◆ **Supplied material**:
★ ★ ★ ★
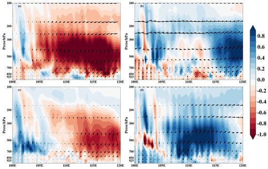 Vertical velocity (shaded, Pa/s) and latitudinal circulation (arrows) distance level (m/s) profiles (for each monsoon combination minus the multi-year average) averaged over 25−36° N for different configurations of EASM and SASM in different years: (a) strong EASM and strong SASM; (b) weak EASM and weak SASM; (c) strong EASM and weak SASM; (d) weak EASM and strong SASM.
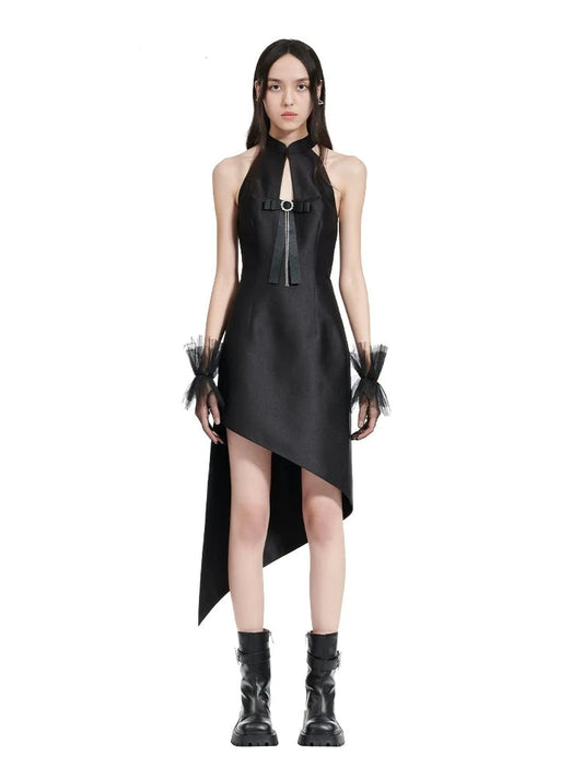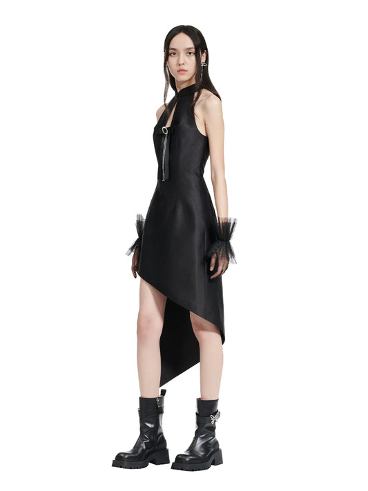 YES BY YESIR | Silk Cheongsam-Inspired Halterneck Dress - XIUMEI.
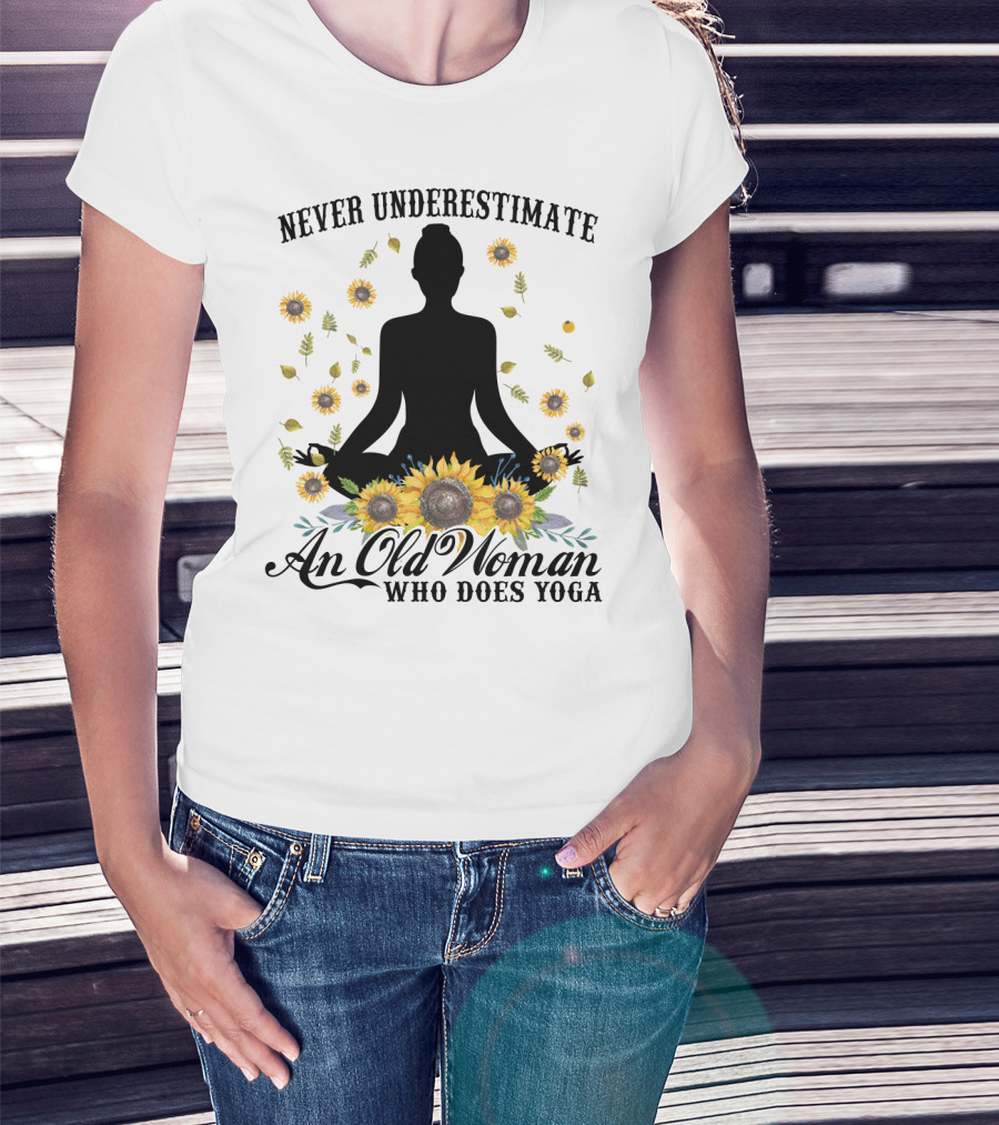 Never Underestimate An Old Woman Who Does Yoga Surrounded By Sunflowers T-Shirt
★ ★ ★ ★
◆ **The problem**: Repeat the listing verbatim, pictures excluded.

◆ **Written solution**:
 Vertical velocity (shaded, Pa/s) and latitudinal circulation (arrows) distance level (m/s) profiles (for each monsoon combination minus the multi-year average) averaged over 25−36° N for different configurations of EASM and SASM in different years: (a) strong EASM and strong SASM; (b) weak EASM and weak SASM; (c) strong EASM and weak SASM; (d) weak EASM and strong SASM.
 YES BY YESIR | Silk Cheongsam-Inspired Halterneck Dress - XIUMEI.
 Never Underestimate An Old Woman Who Does Yoga Surrounded By Sunflowers T-Shirt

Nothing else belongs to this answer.